Exercise requirements ::
Take the entries below and write them out exactly, with each picture removed.

Information supplied ::
↓

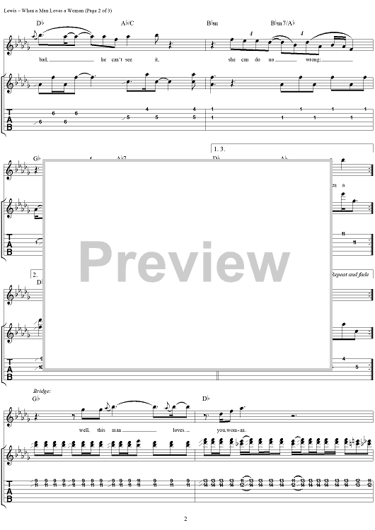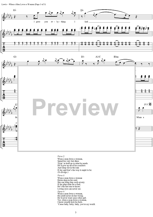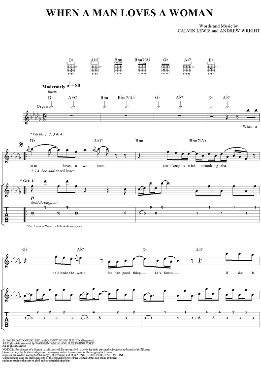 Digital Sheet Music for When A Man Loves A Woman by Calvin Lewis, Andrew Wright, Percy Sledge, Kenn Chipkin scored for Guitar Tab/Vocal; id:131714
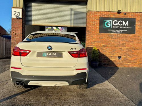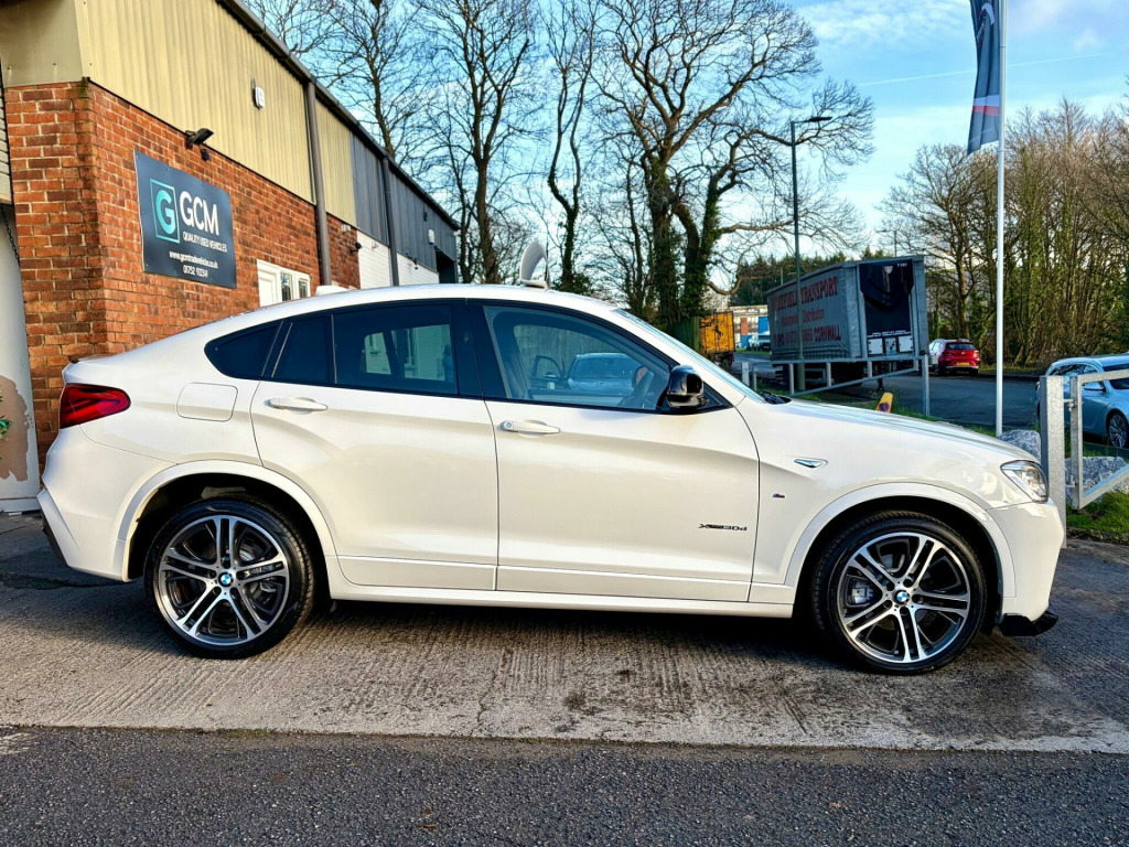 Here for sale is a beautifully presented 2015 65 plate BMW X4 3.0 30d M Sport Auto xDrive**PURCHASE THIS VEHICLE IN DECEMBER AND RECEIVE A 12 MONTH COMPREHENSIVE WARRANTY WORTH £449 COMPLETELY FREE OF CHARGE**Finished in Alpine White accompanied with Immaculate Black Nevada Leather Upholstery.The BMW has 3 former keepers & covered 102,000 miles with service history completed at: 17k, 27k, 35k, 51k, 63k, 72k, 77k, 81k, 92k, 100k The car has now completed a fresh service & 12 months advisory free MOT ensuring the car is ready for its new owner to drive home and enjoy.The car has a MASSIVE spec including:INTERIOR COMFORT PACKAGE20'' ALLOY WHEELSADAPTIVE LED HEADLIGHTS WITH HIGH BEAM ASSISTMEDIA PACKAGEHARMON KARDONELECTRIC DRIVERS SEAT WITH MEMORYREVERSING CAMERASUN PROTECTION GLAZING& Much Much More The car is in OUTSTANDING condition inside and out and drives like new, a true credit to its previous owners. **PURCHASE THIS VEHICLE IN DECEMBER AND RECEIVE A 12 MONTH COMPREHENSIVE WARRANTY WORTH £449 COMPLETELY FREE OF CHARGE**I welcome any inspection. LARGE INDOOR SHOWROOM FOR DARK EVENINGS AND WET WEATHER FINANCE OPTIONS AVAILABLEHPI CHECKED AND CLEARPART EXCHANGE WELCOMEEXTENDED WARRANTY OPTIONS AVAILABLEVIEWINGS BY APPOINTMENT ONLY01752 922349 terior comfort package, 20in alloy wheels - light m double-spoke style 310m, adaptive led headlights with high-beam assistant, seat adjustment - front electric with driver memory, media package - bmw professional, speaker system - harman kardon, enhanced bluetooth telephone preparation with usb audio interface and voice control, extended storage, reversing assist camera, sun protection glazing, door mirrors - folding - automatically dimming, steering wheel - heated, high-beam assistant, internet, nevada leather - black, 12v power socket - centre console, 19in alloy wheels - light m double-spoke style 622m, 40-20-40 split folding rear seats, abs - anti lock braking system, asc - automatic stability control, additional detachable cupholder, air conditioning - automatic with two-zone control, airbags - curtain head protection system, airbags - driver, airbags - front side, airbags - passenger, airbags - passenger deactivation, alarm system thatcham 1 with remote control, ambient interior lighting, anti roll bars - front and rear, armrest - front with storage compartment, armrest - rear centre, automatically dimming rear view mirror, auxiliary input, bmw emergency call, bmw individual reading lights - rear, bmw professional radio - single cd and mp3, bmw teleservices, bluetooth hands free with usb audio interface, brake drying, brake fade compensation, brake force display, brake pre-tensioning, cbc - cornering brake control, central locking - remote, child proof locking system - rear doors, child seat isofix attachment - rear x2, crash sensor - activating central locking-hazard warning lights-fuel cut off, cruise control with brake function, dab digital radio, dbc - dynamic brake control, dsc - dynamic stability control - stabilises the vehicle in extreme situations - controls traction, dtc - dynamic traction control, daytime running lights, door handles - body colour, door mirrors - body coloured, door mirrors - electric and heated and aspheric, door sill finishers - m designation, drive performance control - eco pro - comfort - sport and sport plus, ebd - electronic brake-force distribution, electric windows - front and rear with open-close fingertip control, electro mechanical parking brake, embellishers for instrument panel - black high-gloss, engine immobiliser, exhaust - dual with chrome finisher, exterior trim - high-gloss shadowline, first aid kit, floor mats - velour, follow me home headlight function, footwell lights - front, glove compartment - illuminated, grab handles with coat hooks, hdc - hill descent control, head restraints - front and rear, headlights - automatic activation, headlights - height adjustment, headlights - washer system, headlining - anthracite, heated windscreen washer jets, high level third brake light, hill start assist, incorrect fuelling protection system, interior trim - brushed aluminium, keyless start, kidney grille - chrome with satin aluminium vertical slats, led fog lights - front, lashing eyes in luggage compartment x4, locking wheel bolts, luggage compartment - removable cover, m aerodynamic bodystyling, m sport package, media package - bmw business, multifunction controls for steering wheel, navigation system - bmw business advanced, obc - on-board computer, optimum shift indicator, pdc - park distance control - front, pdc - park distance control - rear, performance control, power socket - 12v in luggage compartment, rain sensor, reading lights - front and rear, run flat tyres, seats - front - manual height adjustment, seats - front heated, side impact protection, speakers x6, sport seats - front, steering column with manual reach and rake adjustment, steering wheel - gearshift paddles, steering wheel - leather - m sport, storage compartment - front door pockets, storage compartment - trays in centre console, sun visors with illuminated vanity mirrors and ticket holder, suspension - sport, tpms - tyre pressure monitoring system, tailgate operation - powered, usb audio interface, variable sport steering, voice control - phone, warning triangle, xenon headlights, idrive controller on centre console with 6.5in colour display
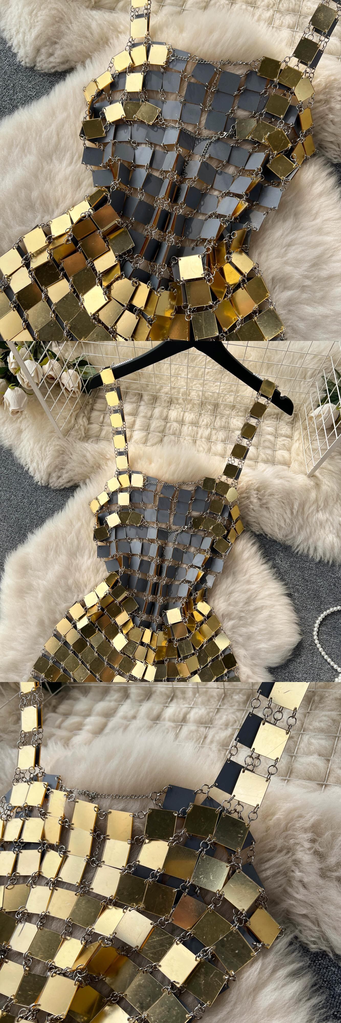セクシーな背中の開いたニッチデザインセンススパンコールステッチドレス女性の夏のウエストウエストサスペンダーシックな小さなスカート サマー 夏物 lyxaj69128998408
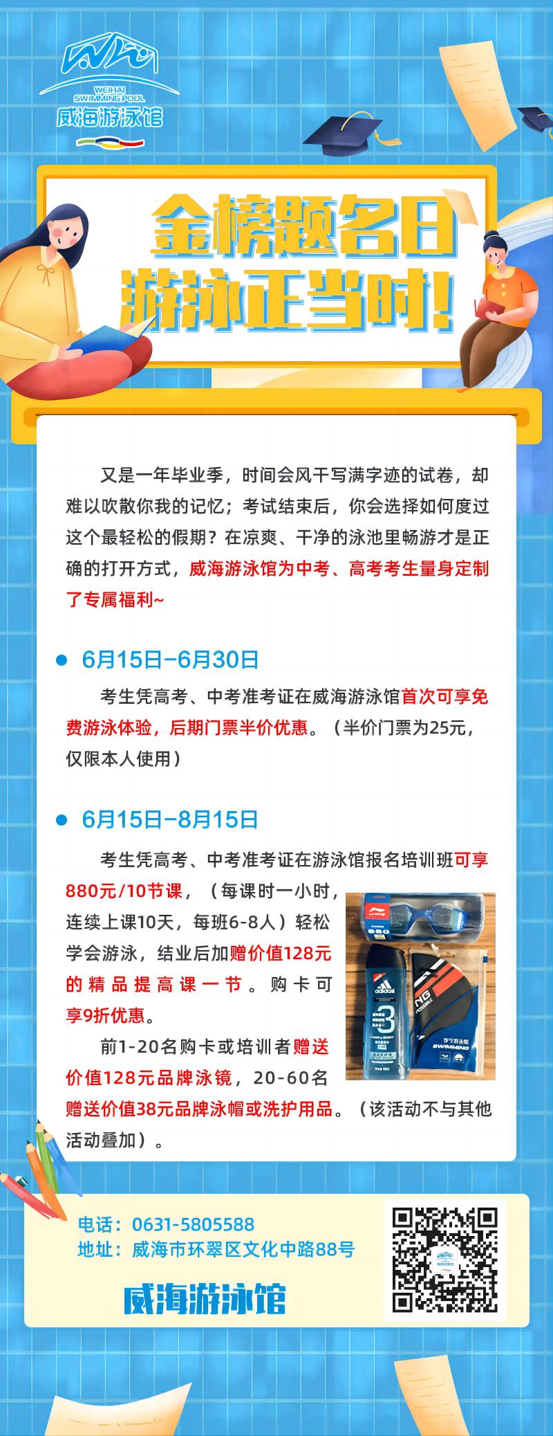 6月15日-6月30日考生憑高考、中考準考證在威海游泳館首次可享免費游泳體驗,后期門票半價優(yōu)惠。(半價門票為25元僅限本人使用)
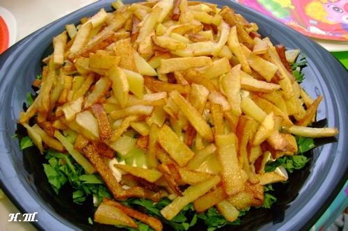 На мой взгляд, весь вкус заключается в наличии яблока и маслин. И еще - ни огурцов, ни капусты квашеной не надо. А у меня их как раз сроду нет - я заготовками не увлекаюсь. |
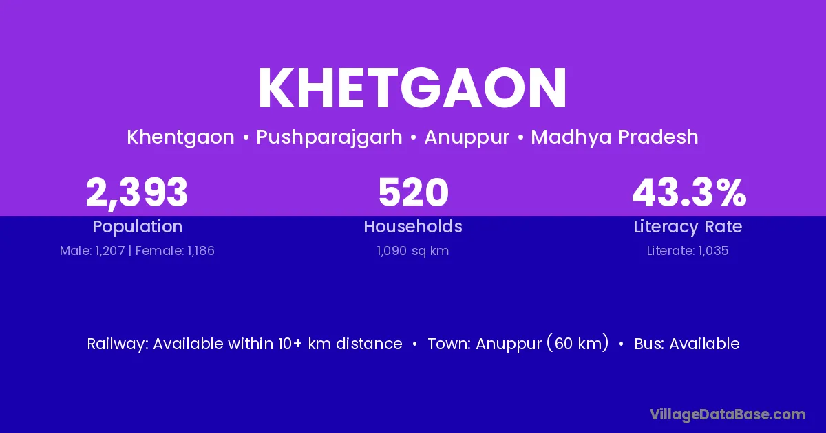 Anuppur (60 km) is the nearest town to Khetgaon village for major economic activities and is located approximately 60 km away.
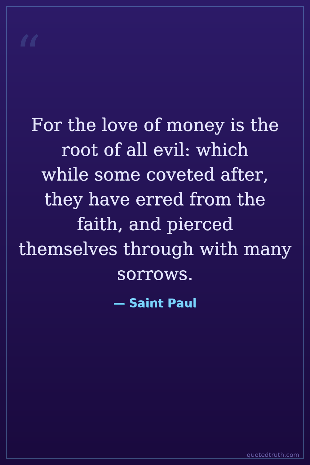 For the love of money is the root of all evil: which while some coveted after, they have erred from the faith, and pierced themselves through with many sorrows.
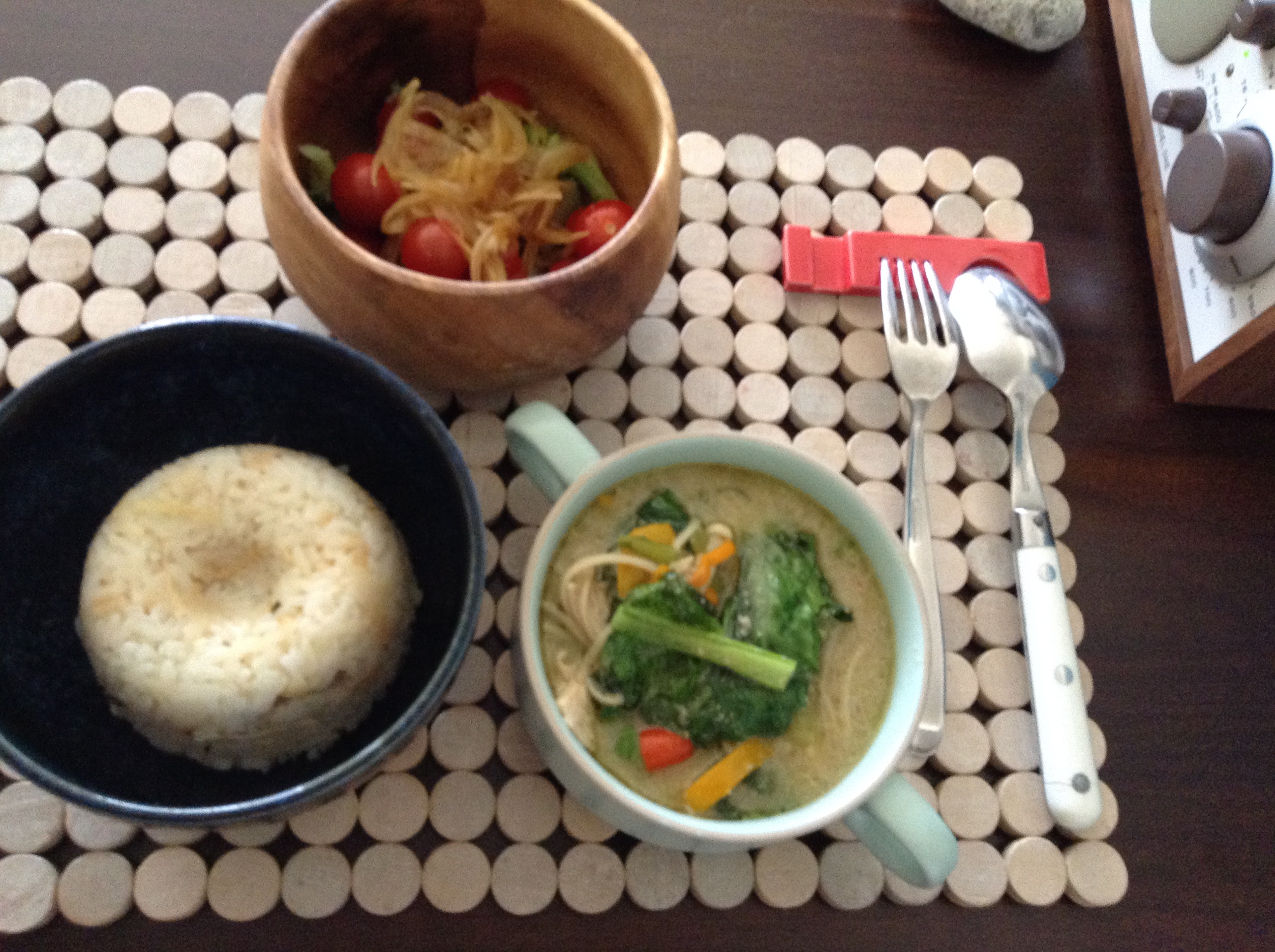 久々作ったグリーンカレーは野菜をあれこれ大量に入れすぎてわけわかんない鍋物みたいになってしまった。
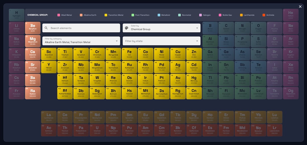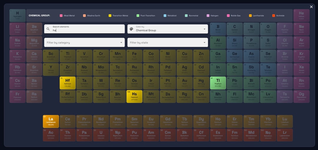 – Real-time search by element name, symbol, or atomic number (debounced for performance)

↑

Result of this task ::
 Digital Sheet Music for When A Man Loves A Woman by Calvin Lewis, Andrew Wright, Percy Sledge, Kenn Chipkin scored for Guitar Tab/Vocal; id:131714
 Here for sale is a beautifully presented 2015 65 plate BMW X4 3.0 30d M Sport Auto xDrive**PURCHASE THIS VEHICLE IN DECEMBER AND RECEIVE A 12 MONTH COMPREHENSIVE WARRANTY WORTH £449 COMPLETELY FREE OF CHARGE**Finished in Alpine White accompanied with Immaculate Black Nevada Leather Upholstery.The BMW has 3 former keepers & covered 102,000 miles with service history completed at: 17k, 27k, 35k, 51k, 63k, 72k, 77k, 81k, 92k, 100k The car has now completed a fresh service & 12 months advisory free MOT ensuring the car is ready for its new owner to drive home and enjoy.The car has a MASSIVE spec including:INTERIOR COMFORT PACKAGE20'' ALLOY WHEELSADAPTIVE LED HEADLIGHTS WITH HIGH BEAM ASSISTMEDIA PACKAGEHARMON KARDONELECTRIC DRIVERS SEAT WITH MEMORYREVERSING CAMERASUN PROTECTION GLAZING& Much Much More The car is in OUTSTANDING condition inside and out and drives like new, a true credit to its previous owners. **PURCHASE THIS VEHICLE IN DECEMBER AND RECEIVE A 12 MONTH COMPREHENSIVE WARRANTY WORTH £449 COMPLETELY FREE OF CHARGE**I welcome any inspection. LARGE INDOOR SHOWROOM FOR DARK EVENINGS AND WET WEATHER FINANCE OPTIONS AVAILABLEHPI CHECKED AND CLEARPART EXCHANGE WELCOMEEXTENDED WARRANTY OPTIONS AVAILABLEVIEWINGS BY APPOINTMENT ONLY01752 922349 terior comfort package, 20in alloy wheels - light m double-spoke style 310m, adaptive led headlights with high-beam assistant, seat adjustment - front electric with driver memory, media package - bmw professional, speaker system - harman kardon, enhanced bluetooth telephone preparation with usb audio interface and voice control, extended storage, reversing assist camera, sun protection glazing, door mirrors - folding - automatically dimming, steering wheel - heated, high-beam assistant, internet, nevada leather - black, 12v power socket - centre console, 19in alloy wheels - light m double-spoke style 622m, 40-20-40 split folding rear seats, abs - anti lock braking system, asc - automatic stability control, additional detachable cupholder, air conditioning - automatic with two-zone control, airbags - curtain head protection system, airbags - driver, airbags - front side, airbags - passenger, airbags - passenger deactivation, alarm system thatcham 1 with remote control, ambient interior lighting, anti roll bars - front and rear, armrest - front with storage compartment, armrest - rear centre, automatically dimming rear view mirror, auxiliary input, bmw emergency call, bmw individual reading lights - rear, bmw professional radio - single cd and mp3, bmw teleservices, bluetooth hands free with usb audio interface, brake drying, brake fade compensation, brake force display, brake pre-tensioning, cbc - cornering brake control, central locking - remote, child proof locking system - rear doors, child seat isofix attachment - rear x2, crash sensor - activating central locking-hazard warning lights-fuel cut off, cruise control with brake function, dab digital radio, dbc - dynamic brake control, dsc - dynamic stability control - stabilises the vehicle in extreme situations - controls traction, dtc - dynamic traction control, daytime running lights, door handles - body colour, door mirrors - body coloured, door mirrors - electric and heated and aspheric, door sill finishers - m designation, drive performance control - eco pro - comfort - sport and sport plus, ebd - electronic brake-force distribution, electric windows - front and rear with open-close fingertip control, electro mechanical parking brake, embellishers for instrument panel - black high-gloss, engine immobiliser, exhaust - dual with chrome finisher, exterior trim - high-gloss shadowline, first aid kit, floor mats - velour, follow me home headlight function, footwell lights - front, glove compartment - illuminated, grab handles with coat hooks, hdc - hill descent control, head restraints - front and rear, headlights - automatic activation, headlights - height adjustment, headlights - washer system, headlining - anthracite, heated windscreen washer jets, high level third brake light, hill start assist, incorrect fuelling protection system, interior trim - brushed aluminium, keyless start, kidney grille - chrome with satin aluminium vertical slats, led fog lights - front, lashing eyes in luggage compartment x4, locking wheel bolts, luggage compartment - removable cover, m aerodynamic bodystyling, m sport package, media package - bmw business, multifunction controls for steering wheel, navigation system - bmw business advanced, obc - on-board computer, optimum shift indicator, pdc - park distance control - front, pdc - park distance control - rear, performance control, power socket - 12v in luggage compartment, rain sensor, reading lights - front and rear, run flat tyres, seats - front - manual height adjustment, seats - front heated, side impact protection, speakers x6, sport seats - front, steering column with manual reach and rake adjustment, steering wheel - gearshift paddles, steering wheel - leather - m sport, storage compartment - front door pockets, storage compartment - trays in centre console, sun visors with illuminated vanity mirrors and ticket holder, suspension - sport, tpms - tyre pressure monitoring system, tailgate operation - powered, usb audio interface, variable sport steering, voice control - phone, warning triangle, xenon headlights, idrive controller on centre console with 6.5in colour display
セクシーな背中の開いたニッチデザインセンススパンコールステッチドレス女性の夏のウエストウエストサスペンダーシックな小さなスカート サマー 夏物 lyxaj69128998408
 6月15日-6月30日考生憑高考、中考準考證在威海游泳館首次可享免費游泳體驗,后期門票半價優(yōu)惠。(半價門票為25元僅限本人使用)
 На мой взгляд, весь вкус заключается в наличии яблока и маслин. И еще - ни огурцов, ни капусты квашеной не надо. А у меня их как раз сроду нет - я заготовками не увлекаюсь. |
 Anuppur (60 km) is the nearest town to Khetgaon village for major economic activities and is located approximately 60 km away.
 For the love of money is the root of all evil: which while some coveted after, they have erred from the faith, and pierced themselves through with many sorrows.
 久々作ったグリーンカレーは野菜をあれこれ大量に入れすぎてわけわかんない鍋物みたいになってしまった。
 – Real-time search by element name, symbol, or atomic number (debounced for performance)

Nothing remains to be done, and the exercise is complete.